**What needs to be done**
From the first line of the material to the line containing "Le Flacon d'encre", inclusive, write out each line exactly, leaving out the pictures.

**Supplied material**
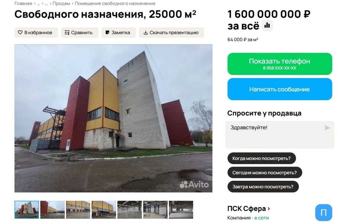 На портале объявлений появилось объявление о продаже производственно-складского комплекса, расположенного в Воронеже на улице Урывского, 6Б. Стоимость объекта составляет 1,6 миллиарда рублей. Общая площадь помещений – 25 тысяч квадратных метров. Продавец характеризует предложение как «большое пустое здание» с офисным блоком площадью около трёх тысяч «квадратов». Комплекс размещается на земельном участке размером два гектара. На территории оборудованы пятнадцать ворот, проведены водоснабжение, канализация, отопление, вентиляция и кондиционирование. Электричество подведено мощностью два мегаватта с возможностью дальнейшего увеличения. На объекте также есть телефония, интернет и сигнализация. Комплекс полностью сдан в аренду. Ранее по этому адресу работал магазин «Маяк», однако, судя по данным онлайн-карт, его там больше нет.
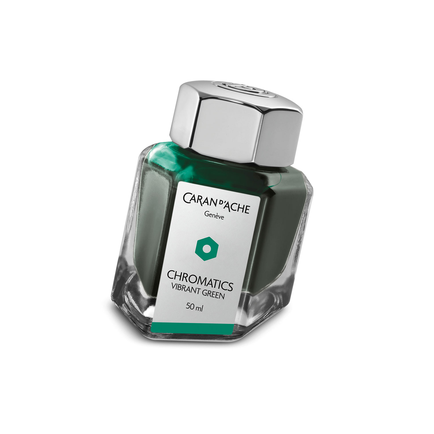 Le Flacon d'encre Caran d'Ache Chromatics - Vibrant Green 50 ml incarne l'excellence du savoir-faire suisse et la passion de l'écriture raffinée.
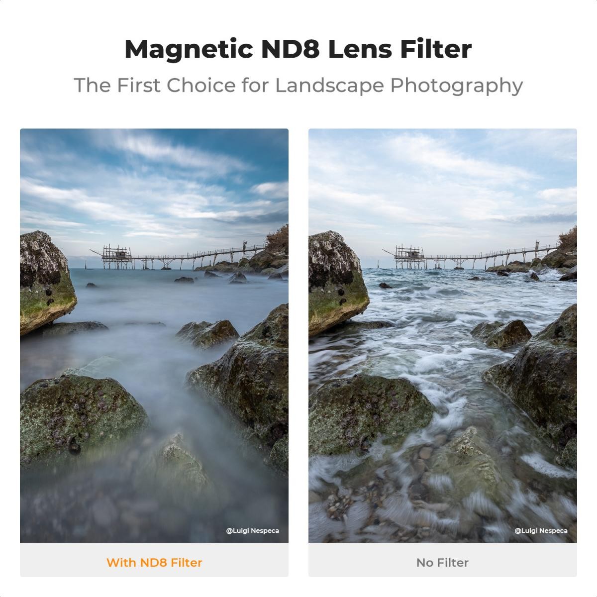 Zachyťte úžasné fotografie s magnetickým filtrom K&F 55 mm NANO-X-ND8, navrhnutým pre fotografov, ktorí hľadajú pohodlie a vynikajúcu kvalitu obrazu. S trojstupňovým stmievacím efektom ND8 umožňuje presné ovládanie expozície bez ovplyvnenia vernosti farieb. 16-vrstvová zelená nano-vrstva účinne redukuje odrazy, filtruje ultrafialové lúče a zvyšuje priepustnosť svetla pre vyvážené, verné farby. Filter je opticky leštený a potiahnutý high-tech ochrannou vrstvou, je vodotesný, odolný proti poškriabaniu, plesniam a oleju, čo zaručuje jeho dlhú životnosť. Jeho magnetický dizajn umožňuje inštaláciu a demontáž za jednu sekundu, zatiaľ čo kryt objektívu z hliníkovej zliatiny leteckej kvality ponúka možnosti magnetického aj závitového upevnenia. Balenie obsahuje magnetický filter ND8, upevňovací krúžok a magnetický kovový kryt pre maximálnu flexibilitu.
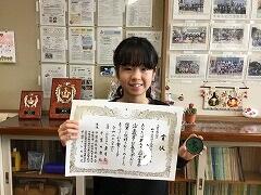今日は,6年生で千葉県書き初め展で千葉日報社賞をいただいた児童を紹介します。
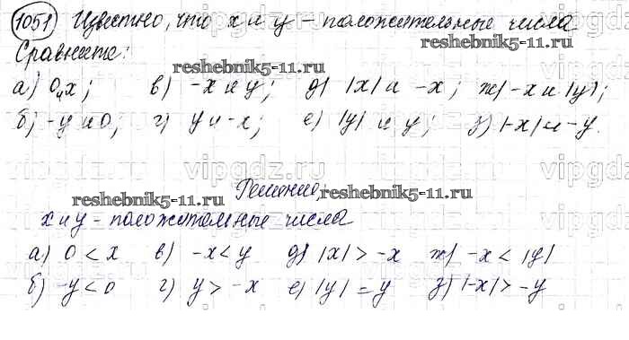 Готовая домашняя работа с ответами по Математике за 6 класс Виленкин, Жохов, Чесноков, Шварцбурд Учебник Мнемозина 2014 ФГОС - §6. Сложение и вычитание положительных и отрицательных чисел 1051
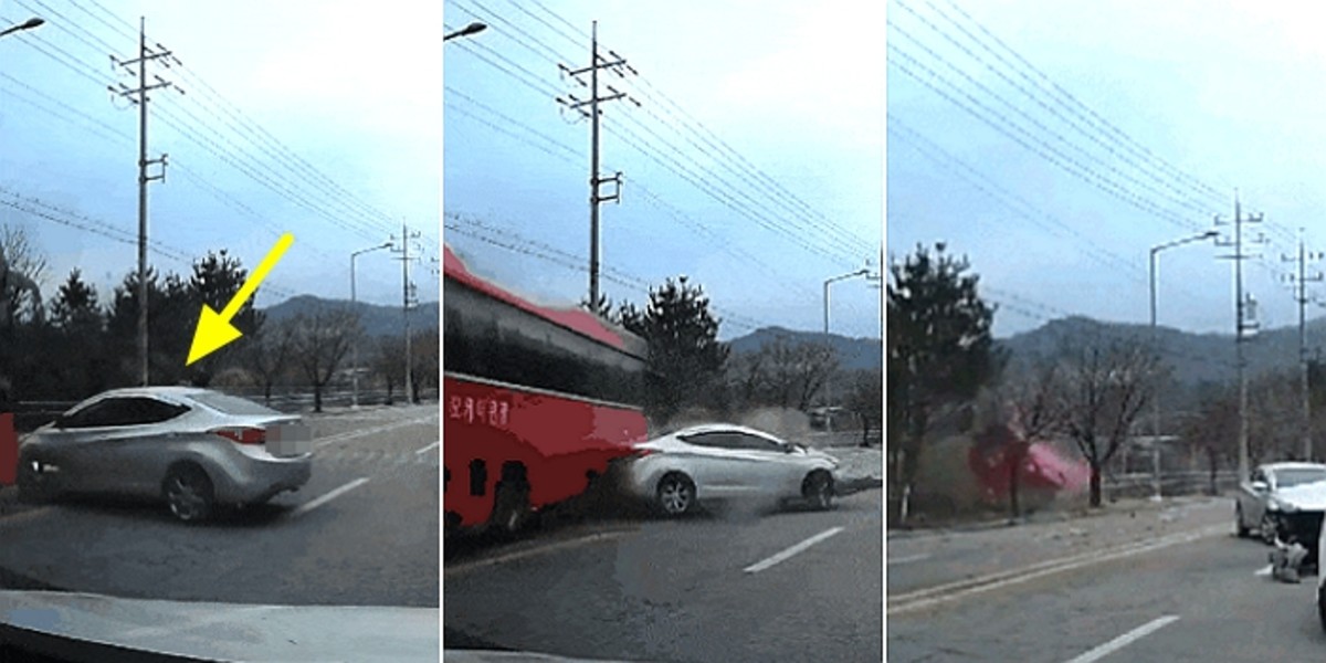 영상 속에서 1차로를 달려오던 45인승 통근버스는 급작스럽게 나타난 승용차를 피하지 못하고 그대로 충돌했다.
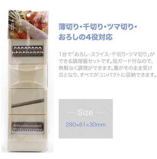 薄切り・千切り・ツマ切り・おろしの4役対応♪
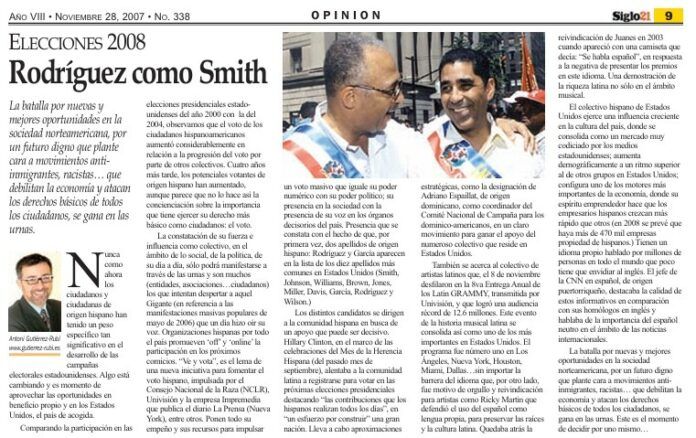 La constatación de su fuerza e influencia como colectivo, en el ámbito de lo social, de la política, de su día a día, sólo podrá manifestarse a través de las urnas y son muchos (entidades, asociaciones…ciudadanos) los que intentan despertar a aquel Gigante (en referencia a las manifestaciones masivas populares de mayo de 2006) que un día hizo oír su voz. Organizaciones hispanas por todo el país promueven off y online la participación en los próximos comicios. «Ve y vota» es el lema de una nueva iniciativa para fomentar el voto hispano, impulsada por el Consejo Nacional de la Raza (NCLR), Univisión y la empresa Impremedia que publica el diario La Prensa (Nueva York), entre otros. Ponen todo su empeño y sus recursos para impulsar un voto masivo que iguale su poder numérico con su poder político; su presencia en la sociedad con la presencia de su voz en los órganos decisorios del país. Presencia que se constata con el hecho de que, por primera vez, dos apellidos de origen hispano: Rodríguez y García aparecen en la lista de los diez apellidos más comunes en Estados Unidos (Smith, Johnson, Williams, Brown, Jones, Miller, Davis, García, Rodríguez y Wilson).
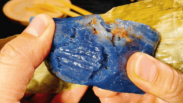蓝色普洱茶蜂蜜粽 ,是普洱与蜂蜜邂逅的产物,普洱茶浓厚,蜂蜜性凉,配上清冷的蓝色糯米,咬进嘴里,满口生津,回味悠长。
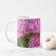Un grand tasse à café pour un jardinier ou un amoureux de la nature. De superbes hydrangées roses au feuillage vert vif accentuent cette tasse.
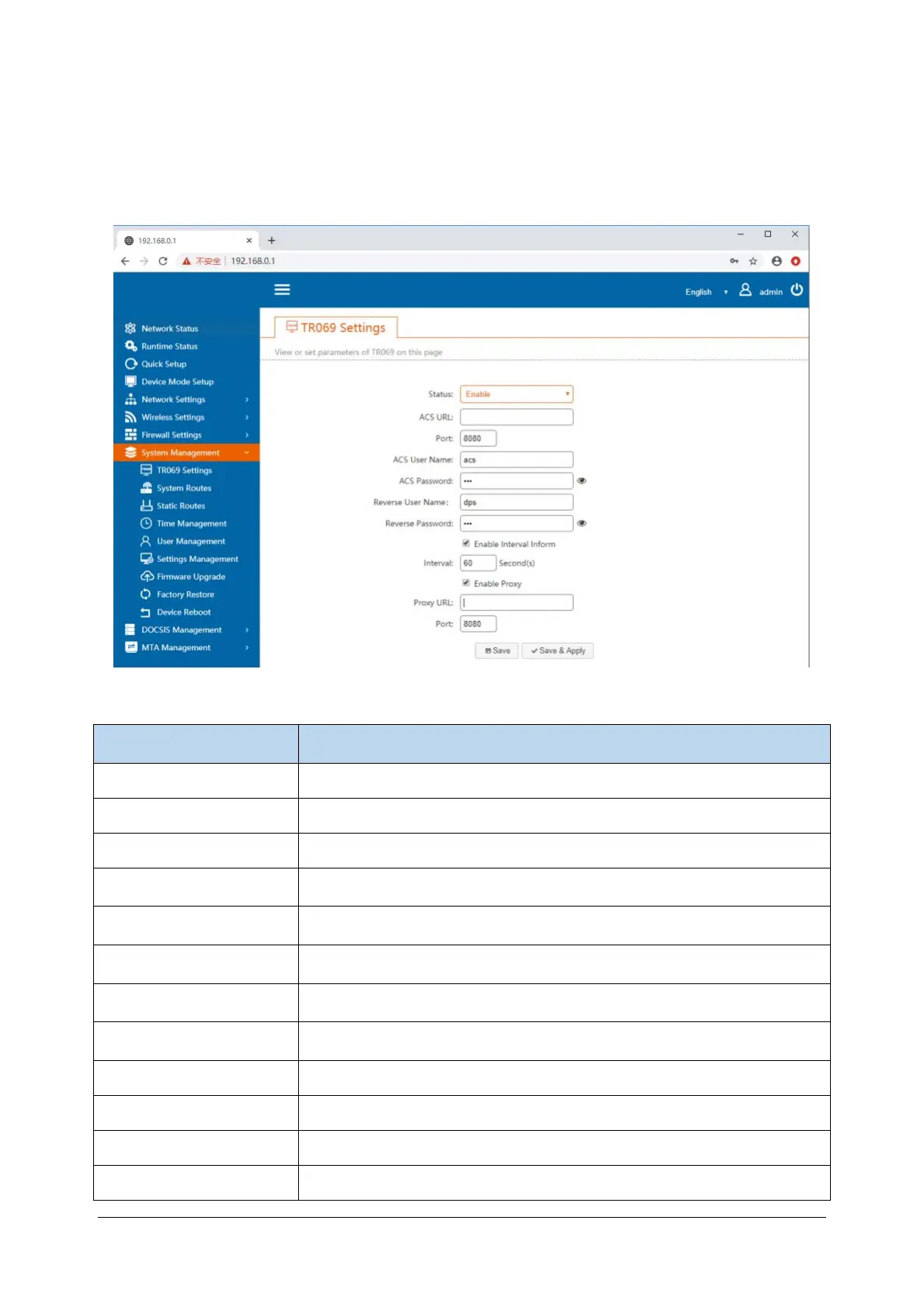 Enable Proxy Enable or disable TR069 proxy function

**Result of this exercise**
 На портале объявлений появилось объявление о продаже производственно-складского комплекса, расположенного в Воронеже на улице Урывского, 6Б. Стоимость объекта составляет 1,6 миллиарда рублей. Общая площадь помещений – 25 тысяч квадратных метров. Продавец характеризует предложение как «большое пустое здание» с офисным блоком площадью около трёх тысяч «квадратов». Комплекс размещается на земельном участке размером два гектара. На территории оборудованы пятнадцать ворот, проведены водоснабжение, канализация, отопление, вентиляция и кондиционирование. Электричество подведено мощностью два мегаватта с возможностью дальнейшего увеличения. На объекте также есть телефония, интернет и сигнализация. Комплекс полностью сдан в аренду. Ранее по этому адресу работал магазин «Маяк», однако, судя по данным онлайн-карт, его там больше нет.
 Le Flacon d'encre Caran d'Ache Chromatics - Vibrant Green 50 ml incarne l'excellence du savoir-faire suisse et la passion de l'écriture raffinée.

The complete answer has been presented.